**Exercise data**
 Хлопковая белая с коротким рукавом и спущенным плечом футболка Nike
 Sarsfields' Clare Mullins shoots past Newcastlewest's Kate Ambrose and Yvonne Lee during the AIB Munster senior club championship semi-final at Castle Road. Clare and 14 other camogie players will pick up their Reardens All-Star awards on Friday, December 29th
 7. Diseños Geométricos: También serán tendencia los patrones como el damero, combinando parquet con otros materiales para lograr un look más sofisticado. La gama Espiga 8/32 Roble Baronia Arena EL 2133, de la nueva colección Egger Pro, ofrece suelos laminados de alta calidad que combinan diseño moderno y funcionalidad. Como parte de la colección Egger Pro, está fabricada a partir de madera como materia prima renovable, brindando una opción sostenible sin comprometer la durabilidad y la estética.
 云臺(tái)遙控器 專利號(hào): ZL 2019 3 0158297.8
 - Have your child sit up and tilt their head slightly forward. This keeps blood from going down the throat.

**Problem description**
Only the lines from the start of the material through the line containing "Sarsfields' Clare Mullins" belong in the answer, each copied exactly.

**Exercise output**
 Хлопковая белая с коротким рукавом и спущенным плечом футболка Nike
 Sarsfields' Clare Mullins shoots past Newcastlewest's Kate Ambrose and Yvonne Lee during the AIB Munster senior club championship semi-final at Castle Road. Clare and 14 other camogie players will pick up their Reardens All-Star awards on Friday, December 29th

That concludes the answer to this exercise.